*** Opening AVAILABLE RECORDS ***

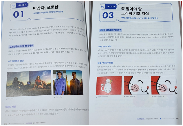 특히 각 프로그램의 [도구 옵션바의 설명 - 실습]으로 구성되는 포맷은 특정 기능의 반복 사용이 아닌, 다양한 기능의 적용 비교를 통해 사용법을 숙지하게 하고, CC 2025의 신기능 적용을 통해 AI 활용과 새로 적용되는 기능 사용을 안내하는 점이 입문자의 눈높이 설명으로 보인다.
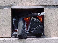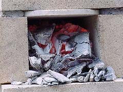 下の部屋は真っ赤になった炭でいっぱいです。でも、一番奥、作品室に上がる部分は炎の通路を開けてあります。
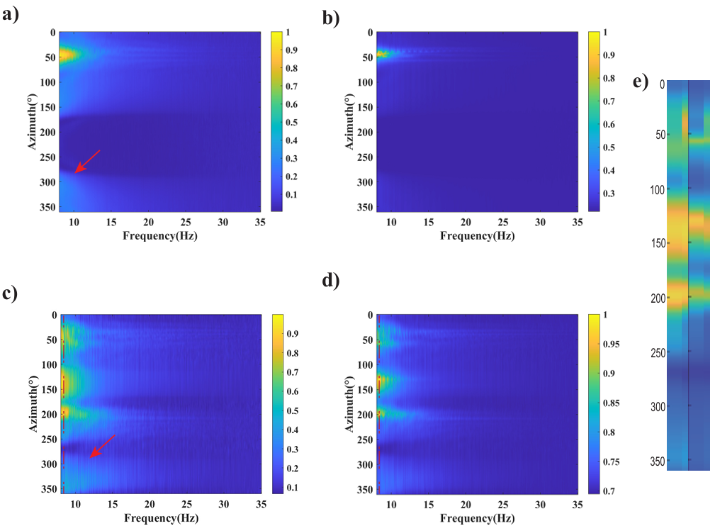 (c)和(d)多主導噪聲模型下的結果; (e)是在8Hz下從(c)和(d)中提取的方位譜對比
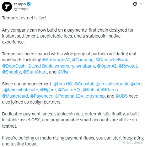 Tempo — EVM-сумісний блокчейн рівня Layer 1, орієнтований на платіжні операції та роботу зі стейблкоїнами. Проєкт залучив близько $500 млн інвестицій від Stripe та Paradigm. У грудні 2025 року було запущено публічний testnet для тестування платіжної інфраструктури та stablecoin-рішень.
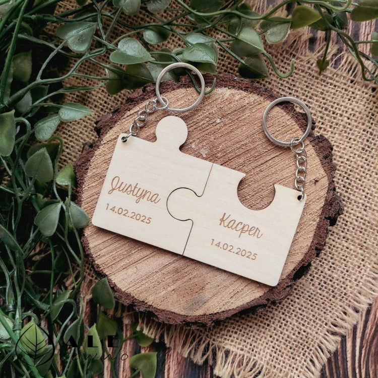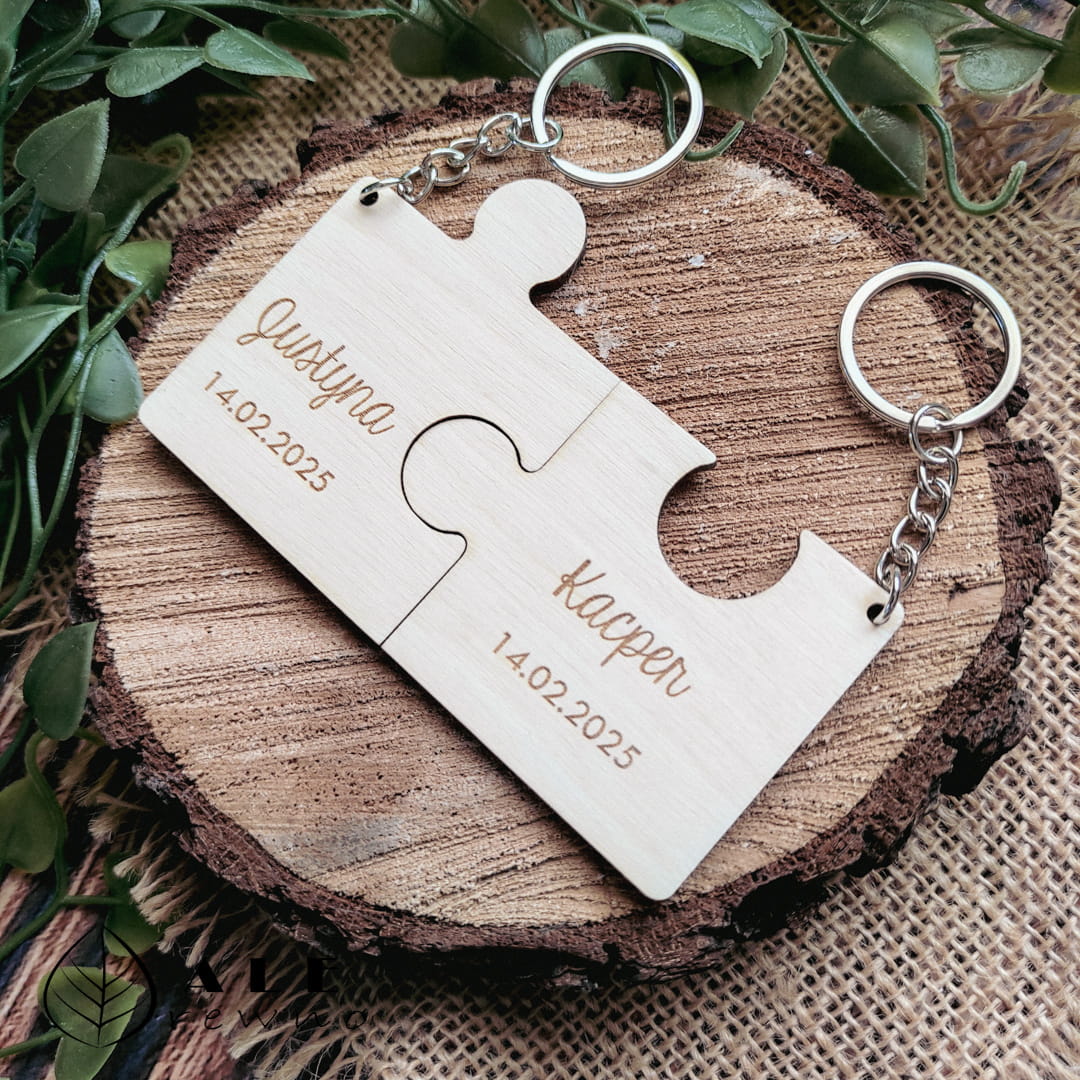 Szukasz czegoś wyjątkowego na Dzień Zakochanych, co pokaże, jak idealnie do siebie pasujecie? Drewniany brelok w kształcie dwóch puzzli to romantyczny i symboliczny upominek, który zachwyci Twoją drugą połówkę!
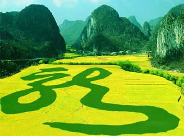 在龍宮漩塘景區(qū)通漩河左岸的田地里,春季采用的是油菜花和蠶豆套種,秋季采用普通水稻和黑糯米水稻套種,占地面積120畝,折合約8萬(wàn)余平方米的“龍”字景觀是從2009年2月下旬起,貴州(龍宮)第七屆油菜花旅游節(jié)期間開始推出的。
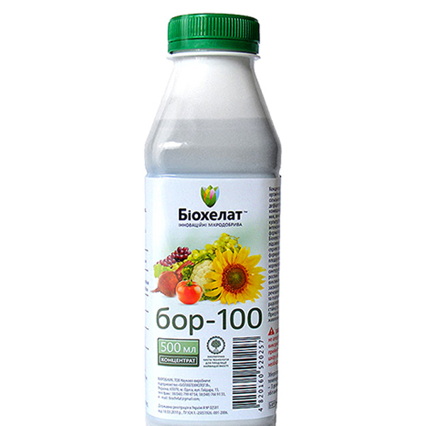 Добрива Біохелат Бор-100 - концентрат рідкого, високоефективного добрива, що легко засвоюється, в органічній формі. Застосовується для підживлення сільськогосподарських культур, чутливих до дефіциту бору (цукровий буряк, ріпак, люцерна, конюшина, цвітна капуста, плодово-ягідні, соняшник, виноград та ін.). Для більшості борофільних культур бор є критичним мікроелементом за інтенсивних технологій вирощування. Органічна форма бору добре засвоюється рослинами. Дія: Біохелат Бор-100 сприяє кращому проростанню пилку, усуває опадання зав'язей та посилює розвиток репродуктивних органів. Відіграє важливу роль у розподілі клітин та синтезі білків і є необхідним компонентом клітинної оболонки. Винятково важливу функцію виконує у вуглеводному обміні. Повністю розчинний у воді. Не містить шкідливих для рослин іонів натрію та хлору. Для кращого засвоєння елементів живлення препарат містить речовини, що сприяють їх швидкому перенесенню через восковий наліт епідермісу листа, а також радіопротектори – речовини, що підвищують стійкість комплексонатів до фоторуйнування. Присутність йоду посилює процес кисневого живлення тканин.
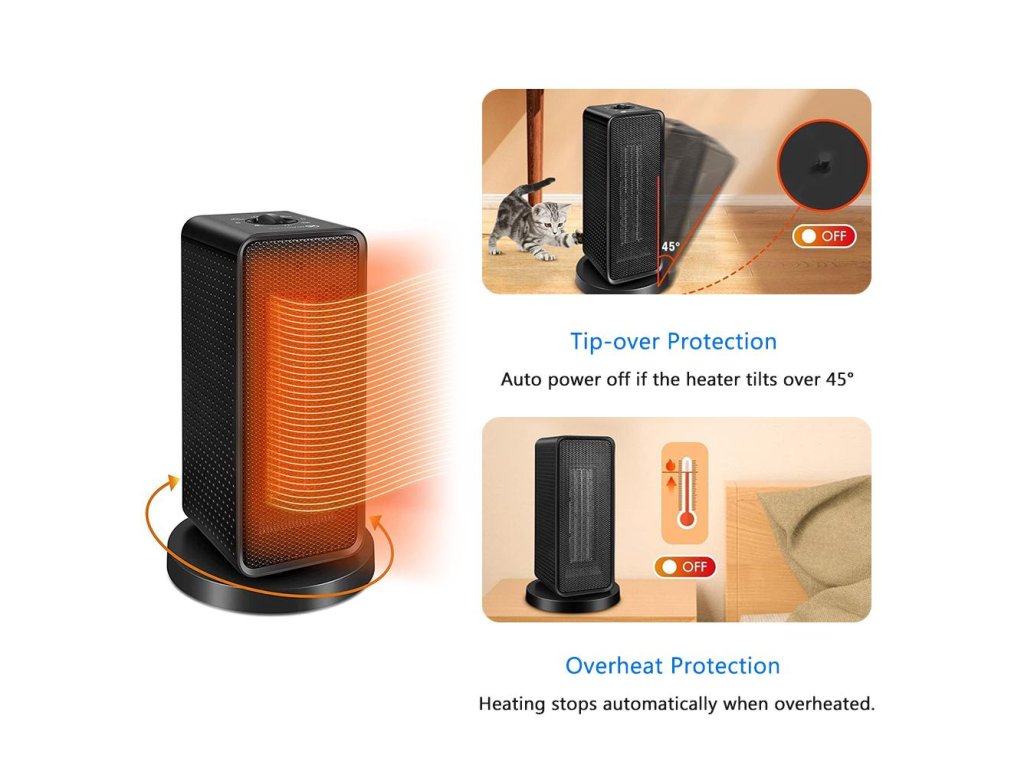 Výrobce kladl velký důraz na bezpečnost, proto přístroj vybavil automatickou ochranou proti přehřátí a senzorem pro případ převrácení. V jakékoli rizikové situaci se topidlo okamžitě samo vypne. Konstrukce je vyrobena z vysoce kvalitních materiálů zpomalujících hoření, které zvyšují celkovou spolehlivost produktu při každodenním používání v domácnosti

*** Closing AVAILABLE RECORDS ***

Exactly as written above, retype the lines starting at the one holding "Szukasz czegoś wyjątkowego" and ending at the one holding "在龍宮漩塘景區(qū)通漩河", both included, but not the pictures.

 Szukasz czegoś wyjątkowego na Dzień Zakochanych, co pokaże, jak idealnie do siebie pasujecie? Drewniany brelok w kształcie dwóch puzzli to romantyczny i symboliczny upominek, który zachwyci Twoją drugą połówkę!
 在龍宮漩塘景區(qū)通漩河左岸的田地里,春季采用的是油菜花和蠶豆套種,秋季采用普通水稻和黑糯米水稻套種,占地面積120畝,折合約8萬(wàn)余平方米的“龍”字景觀是從2009年2月下旬起,貴州(龍宮)第七屆油菜花旅游節(jié)期間開始推出的。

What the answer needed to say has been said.